13 - `user_id` — when known (post-S05).
14 - `component` — set by the package emitting the line.
15 - `error`, `stack` — on error-level lines, where applicable.
16 - **Redaction.** `internal/infra/log` wraps the chosen handler so each record passes through a redactor before output:
17 - Attribute keys matching `password|pass|secret|key|token|authorization|dsn|otpauth` are redacted to `***`.
18 - Attribute string values containing `shithub_pat_`, `otpauth://`, `Bearer `, or `Basic ` are redacted to `***` regardless of the key.
19 - Tested in `internal/infra/log/log_test.go`.
20
21 ## Metrics
22
23 - Library: `github.com/prometheus/client_golang`.
24 - Endpoint: `GET /metrics` (Prometheus text exposition).
25 - Access control: HTTP Basic auth when `metrics.basic_auth_user`/`metrics.basic_auth_pass` are set; otherwise unauthenticated. S35 will tighten further (IP allow-list + per-deployment policy).
26 - Standard metrics:
27 - `shithub_http_requests_total{route,method,status}` (counter)
28 - `shithub_http_request_duration_seconds{route,method}` (histogram, exponential buckets)
29 - `shithub_http_in_flight` (gauge)
30 - `shithub_panics_total` (counter, incremented by the recover middleware)
31 - `shithub_db_pool_acquired`, `shithub_db_pool_idle`, `shithub_db_pool_total` (gauges)
32 - `shithub_db_pool_acquire_wait_seconds_total` (counter)
33 - Standard Go runtime + process metrics (registered automatically).
34 - **Cardinality discipline.** Route labels come from chi's `RoutePattern()` so we get `/owner/{repo}` instead of per-repo concrete paths. Never label by `user_id` or `repo_id`.
35 - Per-domain metrics (added in later sprints) MUST register against `metrics.Registry` so a single `/metrics` scrape sees everything.
36
37 ## Tracing
38
39 - Library: OpenTelemetry SDK with the OTLP-HTTP exporter.
40 - Disabled by default. To enable:
41 ```toml
42 [tracing]
43 enabled = true
44 endpoint = "http://otel-collector.bare-metal:4318"
45 sample_rate = 0.05
46 service_name = "shithubd"
47 ```
48 - The HTTP middleware (`tracing.Middleware`) emits one span per request when enabled.
49 - pgx tracer hook lands when domain queries arrive (post-S05); the bare DB Open does not yet attach it.
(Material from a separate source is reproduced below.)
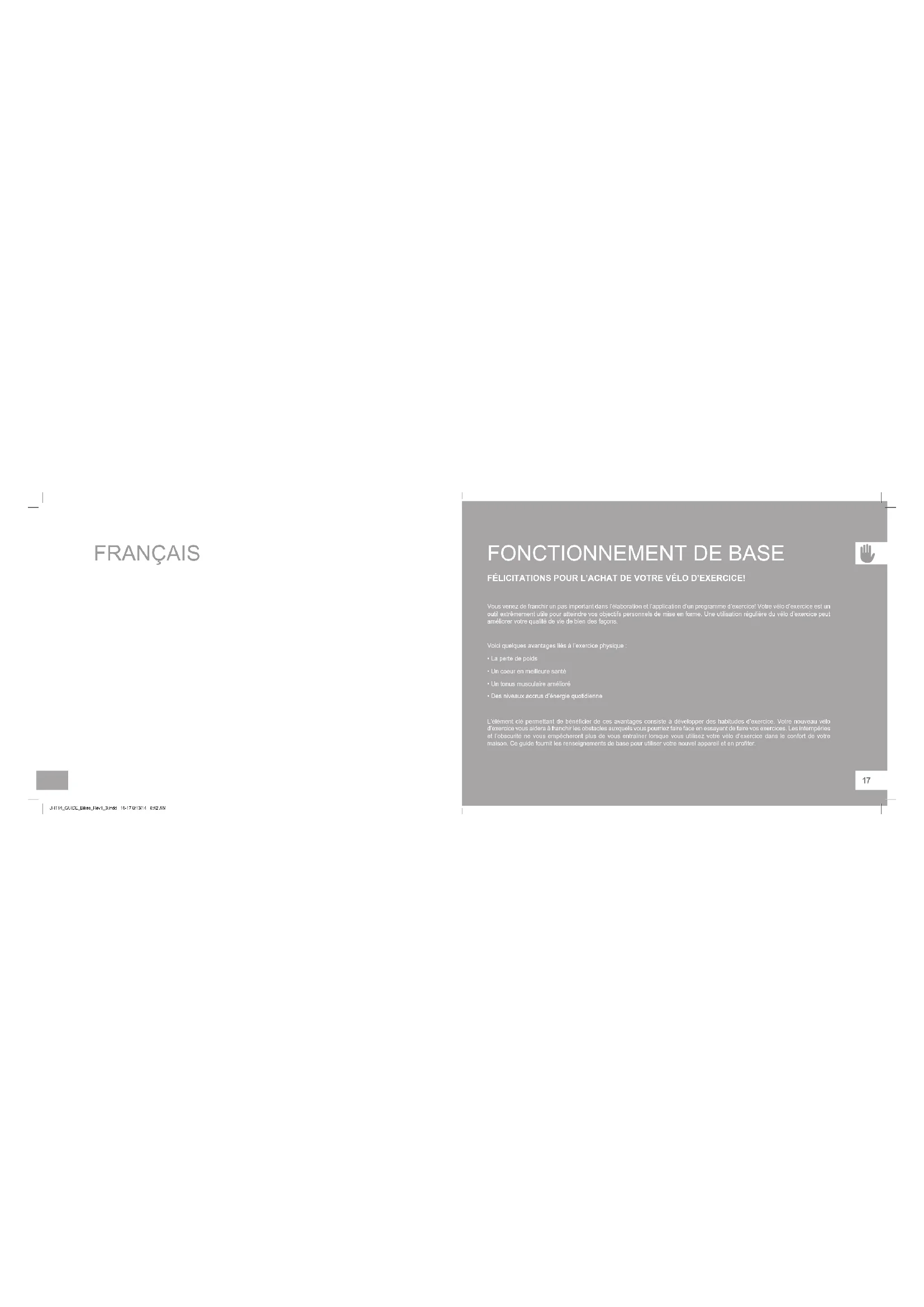 - Des niveaux accrus d’énergie quotidienne L’élément clé permettant de bénéficier de ces avantages consiste à développer des habitudes d’exercice. Votre nouveau vélo d’exercice vous aidera à franchir les obstacles auxquels vous pourriez faire face en essayant de faire vos exercices. Les intempéries et l’obscurité ne vous empêcheront plus de vous entraîner lorsque vous utilisez votre vélo d’exercice dans le confort de votre maison. Ce guide fournit les renseignements de base pour utiliser votre nouvel appareil et en profiter. JHT14_GUIDE_Bikes_Rev1_3.indd 16-17 8/13/14 8:42 AM1918

50 - Sample rate is parent-based with `TraceIDRatioBased(sample_rate)` — incoming traces with parent context honor the parent decision.
51
52 ## Error reporting
53
54 - Library: `github.com/getsentry/sentry-go`. The wire format is Sentry-protocol-compatible, so a self-hosted GlitchTip works as a drop-in receiver (the lean per S03's sprint spec).
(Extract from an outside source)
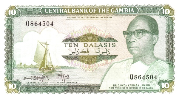 | Obverse | Sailing boat. President Sir Dawda Kairaba Jawara – First President of Republic of the Gambia |

55 - DSN comes from `error_reporting.dsn`. When empty, the package is a no-op.
56 - Two integration points:
57 1. **Recover middleware** calls `errrep.CapturePanic(recovered, requestID)` for every recovered panic. The request_id is attached as a tag for forensic correlation with logs.
58 2. **`errrep.SlogHandler`** wraps the slog handler so any record at error level is also reported as a Sentry event. Tags: `request_id`, `user_id`, `component`, `route`. Other attrs land under the `shithub` context.
59 - Flush: `errrep.Init` returns a `flush(ctx)` callback the server invokes on shutdown (drains queued events).
60
61 ## Request ID flow
62
63 The `request_id` is the correlation key tying logs, metrics, traces, and error reports together:
64
65 1. `middleware.RequestID` accepts an inbound `X-Request-Id` if it matches a strict whitelist; otherwise generates a 16-byte hex value.
66 2. The id is stored in the request context and echoed in the response `X-Request-Id` header.
67 3. `middleware.AccessLog` includes it as `request_id` on the per-request log line.
68 4. `middleware.Recover` includes it on panic logs and on the Sentry/GlitchTip event.
69 5. The styled error pages (`errors/{404,403,429,500}.html`) display it for end-user support reference.
70
71 ## Operational notes
72
73 - `pg_stat_statements` is loaded by the dev compose Postgres (S01) and required in prod (S37).
74 - GlitchTip and the OTLP collector run on bare metal in our prod topology (S37); the droplet's `/metrics` is scraped by Prometheus over WireGuard.
75 - Configuration documented in `docs/internal/config.md`.